05-31-2016, 09:56 PM
(05-31-2016, 09:24 PM)tuzo29 Wrote: This leads me to assume that you can solve the climate question single-handedly. Please spend the needed hours and get back to us.
Please start lining up government sponsors. A starting grant of $50 million should suffice, although I am certainly open to increased funding.
Quote:Seriously, though, (at least I think that last statement was a joke, maybe you think it's a reasonable request) you still haven't refuted my claim that 90+% of scientists believe global warming in man-made and it's starting to irritate me that you continue to throw that out as a falsehood. If there are tens of thousands of scientists who disagree that climate change is man-made, that tells me close to nothing about the percentage of scientists who hold that view. Until you have the total number of scientists, you can't really refute my claim about 90+% holding the view that global warming is largely man-made. What's the total number? I'll go with 10 million as a rough guess, based on the criteria for the petition. Are there 1 million who dissent? Maybe, but I doubt it.

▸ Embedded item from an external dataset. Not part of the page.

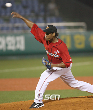 “155km짜리 강속구를 연신 뿌리는데 어떻게 쳐요. 그 볼을 쳐서 이긴 LG가 대단해요”. 후반기 시작하자마자 SK에 2연패를 당한 현대 관계자들은 SK가 전반기 막판에 데려온 새 용병 우완 투수 호세 카브레라(34)의 광속구에 혀를 내둘렀다. 카브레라는 후반기 첫 경기인 지난 25일 경기선 최고구속 155km로 올 시즌 8개 구단 투수 중 가장 빠른 공을 던졌다. 이전 등판서도 154km를 뿌렸지만 이날 문학구장 스피드건에는 155km가 포착된 것이다. 이 구속은 올 시즌 한국야구에서 뛰고 있는 투수 중 가장 빠른 구속이다. 삼성 마무리 투수 오승환이 154km를 문학구장에서 한 차례 찍었을 뿐이다. 한때 158km짜리 광속구를 던져 한국선수 중 가장 빠른 볼을 던진다는 SK의 엄정욱도 어깨 부상 후유증으로 아직은 152km 정도에 그치고 있다. 일부에서는 문학구장 스피드건이 ‘후하다’는 말들도 하지만 카브레라가 올 시즌 8개구단 투수 중 가장 빠른 공을 던진 것은 확실한 사실이다. 이런 가운데 카브레라가 연일 155km 안팎의 광속구를 뿌려대니 상대 타자들은 주눅이 들고 있는 것이다. 카브레라는 26일 경기에도 등판, 최고구속 154km를 기록하며 현대 3타자를 간단히 범타로 처리하며 시즌 3세이브째를 올렸다. 지난 1일 공격에서 그런 대로 제몫을 해주던 피커링을 내보내고 다시 데려온 카브레라가 빛을 발하고 있는 것이다. SK는 카브레라가 광속구를 던지며 마무리 투수로서 안정감을 보이기 시작하자 만면에 미소를 띠며 기뻐하고 있다. 카브레라의 광속구를 앞세운 안정된 마운드로 4강 도약의 발판을 마련한다는 후반기 복안을 실천에 옮길 수 있기 때문이다. 조범현 감독은 현대전서 이틀 연속 역전승을 거둔 후 “투수진이 안정감이 생겼다”며 만족감을 보일 정도로 카브레라의 가세는 SK에 큰 힘이 되고 있다. SK 구단 관계자는 “올해는 구속이 작년보다 더 빨라졌다. 지난해는 잘해야 148~149km 정도밖에 구속이 나오지 않았다. 하지만 올해는 몸이 근육질로 탄탄해진 덕분인지 구속이 더 나오고 있다”며 카브레라가 작년보다 훨씬 더 좋아진 것에 칭찬을 아끼지 않고 있다. 카브레라는 2004년 SK 유니폼을 입은 후 2005년 시즌 도중 손가락 부상 치료를 이유로 고국인 도미니카공화국으로 갔다가 돌아오지 않아 태업 의혹을 사는 등 ‘문제아’이기도 했다. 카브레라는 현재 6게임에 등판해 1패 3세이브, 방어율 1.80을 기록하고 있다. 지난 19일 LG전서 2안타를 맞고 1실점해 패전을 기록한 것이 유일한 패배다. 아직도 컨트롤이 불안하다는 평가를 듣고 있지만 카브레라의 가세로 SK는 불펜진이 두터워져 뒤로 갈수록 힘을 내고 있다. 카브레라를 앞세운 SK의 후반기 대반격이 시작됐다. sun@osen.co.kr
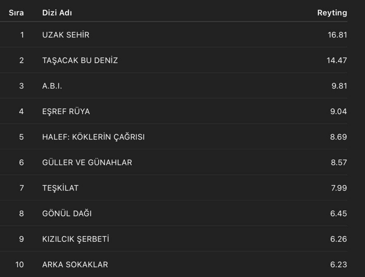 Tablo değişti! Geçen haftanın reyting sonuçları: A.B.İ., Uzak Şehir, Taşacak Bu Deniz…

While you may feel I haven't refuted the claim (I disagree), neither have you proved it. Although I'm not sure what the "formal proceedings" are for this debate, I'm not certain why the burden of proof to refute your unproven claim falls on me? Don't you first have to prove the claim before I can refute it? Where's the judge when you need him?
Quote:Also, I don't care if the number is 90% or 97% or 75%, the point is that it's a strong majority who are concerned because they trust the experts (climate scientists) who largely agree on this issue.
Okay, so it doesn't matter if you prove your claim and/or I refute it?
Quote:Even based on the survey you cited to prove your point that there is a consensus among meteorologists that global warming isn't man-made, the data showed there is a consensus that global warming IS man-made. Care to address that?
Originally, I believed your argument was something along the lines of "Well, 90+% of scientists agree man-made warming is a real problem." I was attempting to refute that, and I believe I did.
Now the argument seems to be whether warming is or is not man-made? Did I misunderstand the original argument? Entirely possible that I did.
I was not attempting to debate whether or not man has an impact on global temperatures. I don't pretend to know, because I don't believe that either the science or the data strongly supports those types of conclusions yet. I believe certain data may hint at it circumstantially (and certain data seems to refute it), but either way, circumstantial evidence is quite different from the proverbial "smoking gun."
I feel you are arguing that there's a smoking gun. Am I reading incorrectly? If you are arguing for the "smoking gun" link to warming and atmospheric CO2, what (besides a "group think" assumption that it MUST BE SO) has convinced you of that? I'm certainly open to the possibility of new data having arrived in the days since I conducted the bulk of my research.
However, it's worth noting that the latest data, in the form of the aforementioned cloud study, has actually proven my prior hypothesis (that atmospheric CO2 was being OVER-weighted by many scientists and models), which is what sparked me to post about it in the first place -- and the cloud study does have to be understood as new evidence and new data that represents at least a partial paradigm shift away from the old models. Have you factored that new data into your current stance? Or are you taking the view that "it doesn't matter."
As I said, I'm certainly open to hearing what you have in terms of conclusive evidence that isn't open to multiple interpretations of the data.